DATA CENTERS

MGN

DELAWARE - Two bills have been passed in the Delaware House that lawmakers say will protect energy reliability while ensuring the costs associated with large energy-use facilities, like data centers, are not passed onto residents and small businesses. Both bills are now headed to the Delaware Senate for consideration.

To illustrate the impact data centers could have, lawmakers say Delaware electric customers use roughly 11.3 million megawatt hours of electricity every year, but a single data center would consume 8.7 million megawatt hours of electricity in that same time. This increased strain on the existing grid creates several risks for ratepayers, including rising energy prices, energy shortages, and costly infrastructure upgrades.

The first of the proposed bills that hope to offset some of these risks is HB 233 (S). It would order the establishment of a comprehensive framework to protect Delaware ratepayers from taking on the costs associated with facilities like data centers. Specifically, large energy-use facilities would be required to fully bear the costs of any new energy infrastructure that is required to support them.

Under this bill, data centers and other facilities would also be required to pay any increased capacity market costs they create, which cannot be passed onto residential customers, small businesses, or other ratepayers.

To accomplish this, the legislation requires Public Service Commission-regulated utilities, like Delmarva Power, to establish a separate rate structure for these types of facilities. Furthermore, facilities will also be required to enter into service agreements meant to protect existing customers from future rate shifts. Any large energy-use facility built in Delaware would not be allowed to connect to the power grid until those service agreements are approved and the new rate structure is in place.

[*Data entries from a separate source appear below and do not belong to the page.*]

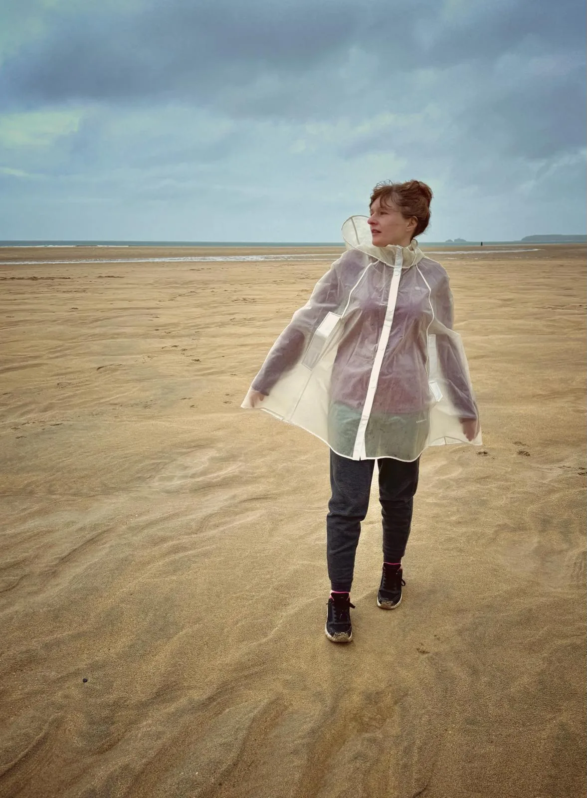 The weather out West wasn’t, well, truly beach friendly, so Clair The Cape Queen had to cape up against those stiff breezes and the hard rain. But as we see, The Cape Queen maintained an entirely kool air while staying warm and dry.
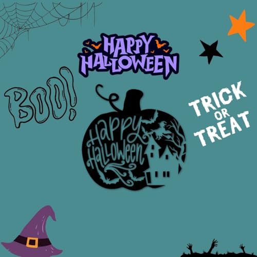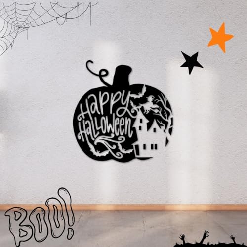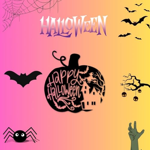 - ديكور الحائط: تصميم صورة ظلية مذهلة يتميز بتصميم يقطين الهالوين مع زخرفة منزل مسكون وخفافيش طائرة، مثالية للديكور الموسمي
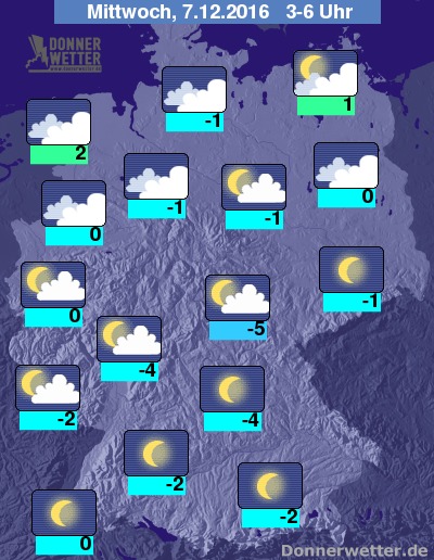 In der Nacht zum Mittwoch werden die Wolken im Norden dichter, teils ist es hier aber auch noch aufgelockert bewölkt. Im Westen und in der Landesmitte nehmen die Wolkenanteile ebenfalls etwas zu. Überwiegend sternenklar oder locker bewölkt zeigt sich der Süden Deutschlands sowie Sachsen. Trocken bleibt es jedoch bei Tiefstwerten zwischen 2 und -5 Grad überall.
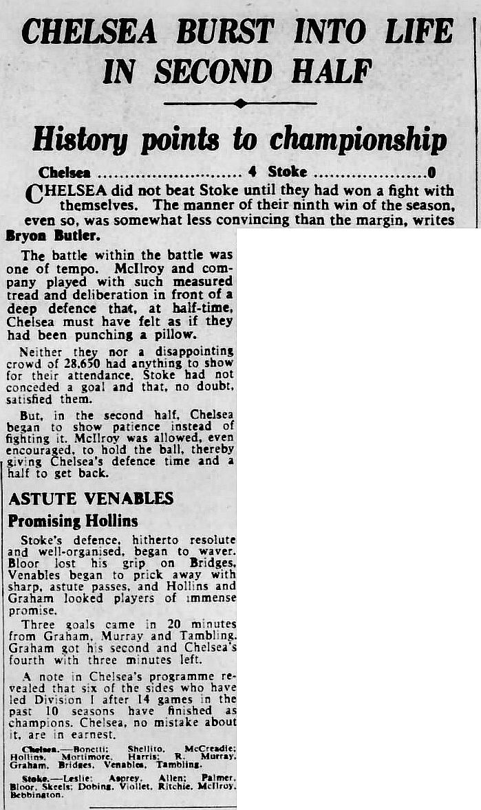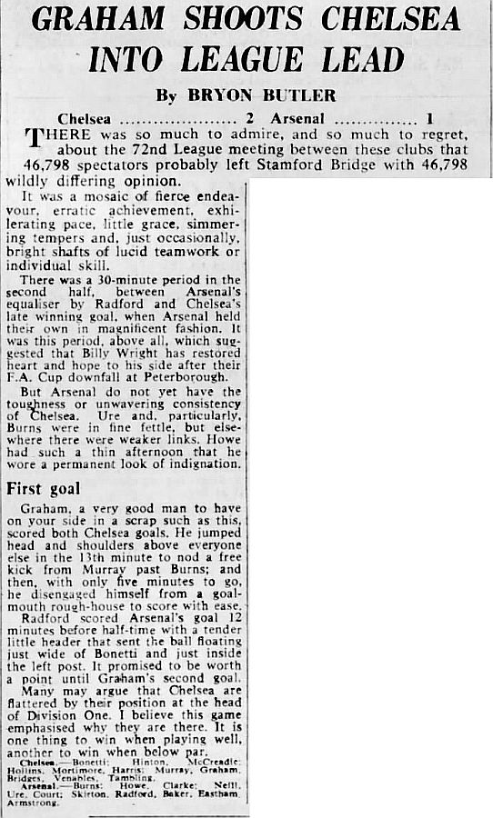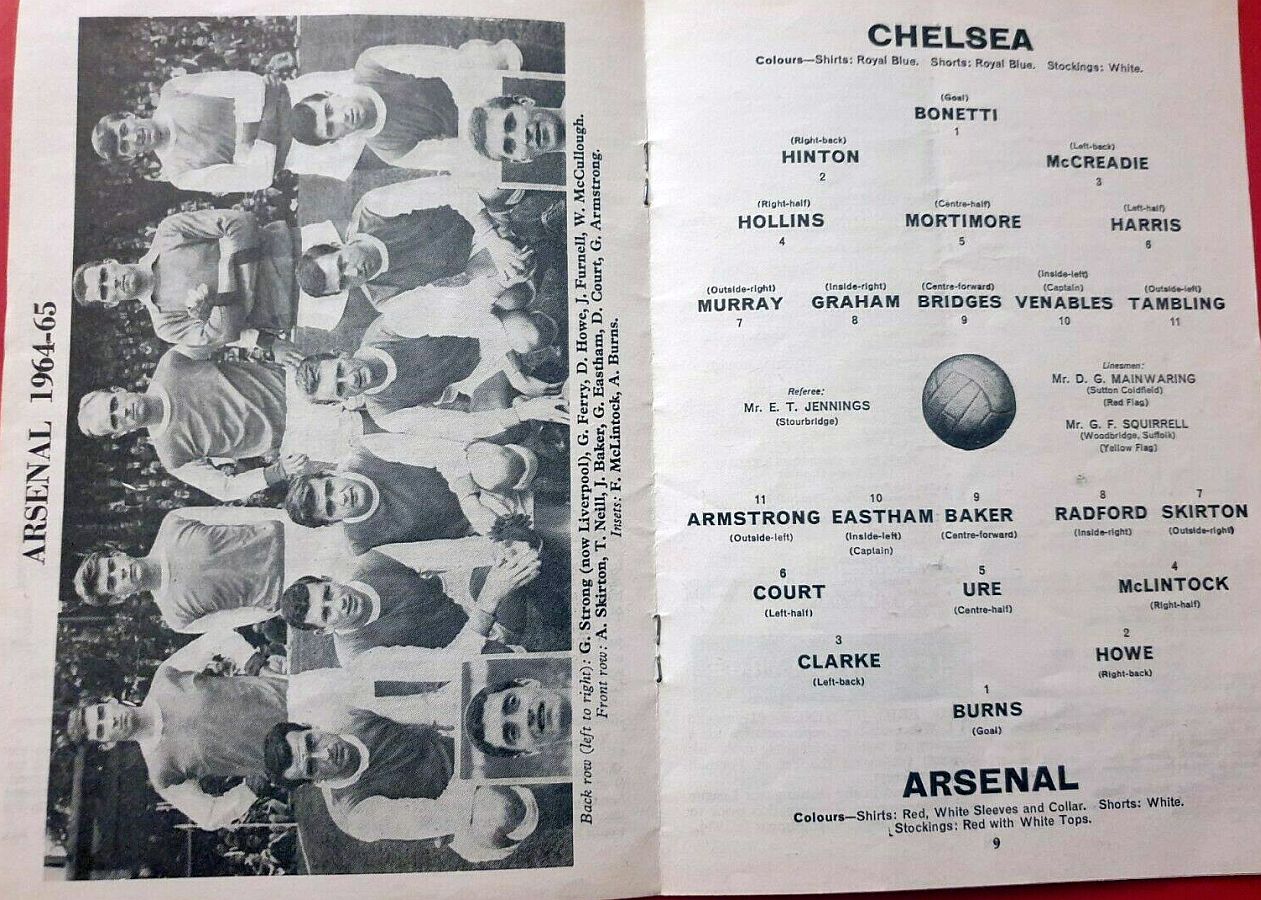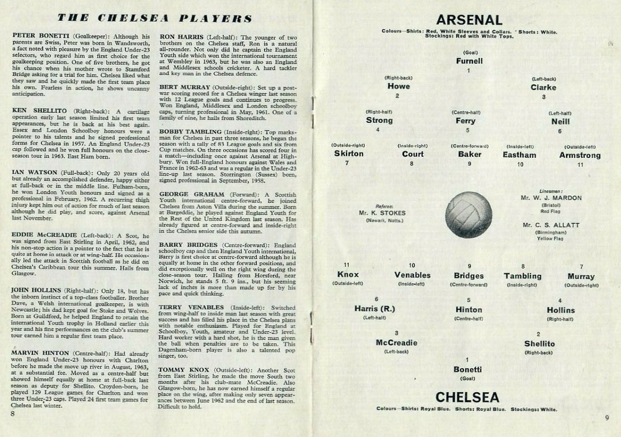 1 Peter Bonetti, 2 Ken Shellito, 3 Eddie McCreadie, 4 John Hollins, 5 Marvin Hinton, 6 Ron Harris, 7 Bert Murray, 8 George Graham, 9 Barry Bridges, 10 Terry Venables, 11 Tommy Knox |

Additionally, the Public Service Commission would be required to evaluate whether rate applications for these facilities could unfairly impact costs for other customers, threaten power grid reliability, or undermine Delaware's renewable energy and emissions reduction goals.

The other bill that aims to protect Delaware ratepayers from the aforementioned risks is HB 445, which would require large energy-use facilities to produce or procure new sources of energy.

Specifically, lawmakers say the bill would require data centers and other facilities that can't initially generate enough power for their needs to submit a plan demonstrating how they will gradually increase energy production. They will then have to produce or procure enough new energy to meet 100% of their needs within 10 years of the start of operations.

Lawmakers say that these bills together will help ensure any data center opened in the First State will pay its fair share of utilities.

Again, both measures are now headed to the Senate for consideration.